Encryption in transit (TLS 1.3) and at rest
Access controls and authentication requirements
Regular security assessments
Employee confidentiality obligations
Secure data centers (Google Cloud, SOC 2 certified)

While we take all reasonable precautions, no method of electronic transmission or storage is 100% secure. We cannot guarantee absolute data security.

Data Breach Notification

In the event of a personal data breach that poses a risk to your rights and freedoms, we will:

Notify the Dutch Data Protection Authority within 72 hours
Notify affected individuals without undue delay (if high risk)
Document the breach and our response

11. Children's Privacy

Our services are not directed at individuals under the age of 16. We do not knowingly collect personal information from children under 16. If you are a parent or guardian and believe your child has provided us with personal information, please contact us at privacy@echovote.xyz.

12. Business Transfers

If CNSDR or its assets are acquired, or in the unlikely event that we go out of business or enter bankruptcy, personal data would be among the assets transferred to acquiring parties. You acknowledge that such transfers may occur and that any parties who acquire us may continue to use your personal information according to this policy.

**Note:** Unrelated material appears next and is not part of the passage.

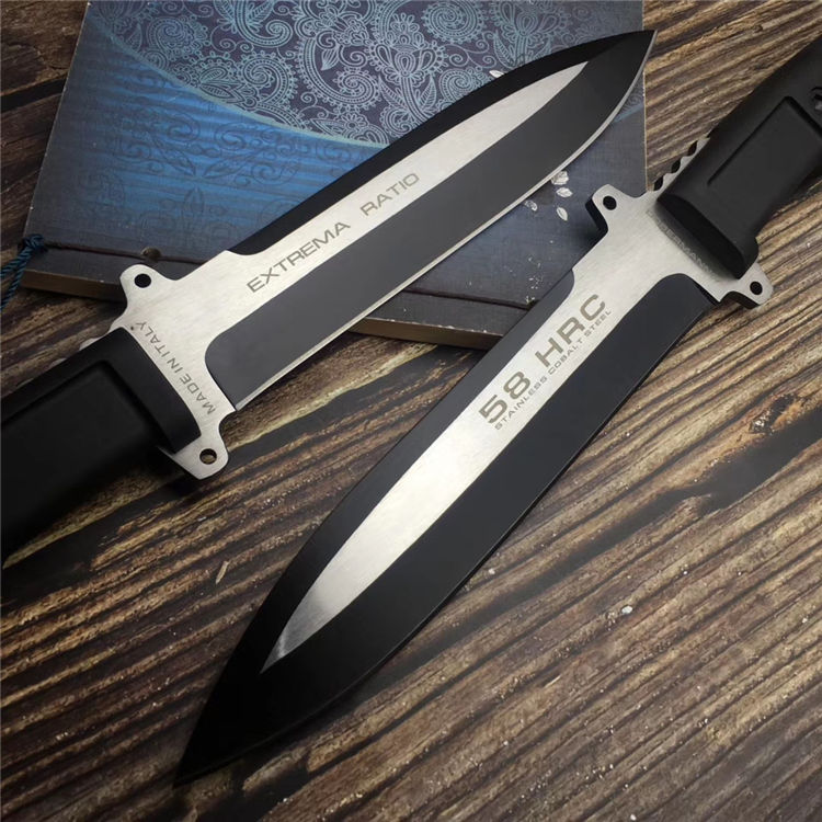 极端武力黑魂直刀 刃材:7CR13钢 全长:33CM 刃长:20CM 刃厚:0.5CM 刃宽:3.7CM 硬度:58HRC 柄材:热塑性弹性橡胶 刀鞘:ABS 重量:350克

13. Links to External Sites

Our websites may link to external sites that are not operated by us. We have no control over the content and policies of those sites and cannot accept responsibility for their privacy practices. We encourage you to review the privacy policy of any site you visit.

14. Changes to This Policy

We may update this privacy policy to reflect changes in our practices or for legal, operational, or regulatory reasons. We will notify users of significant changes via email or a prominent notice on our website.

Your continued use of our services after changes to this policy constitutes acceptance of the updated policy.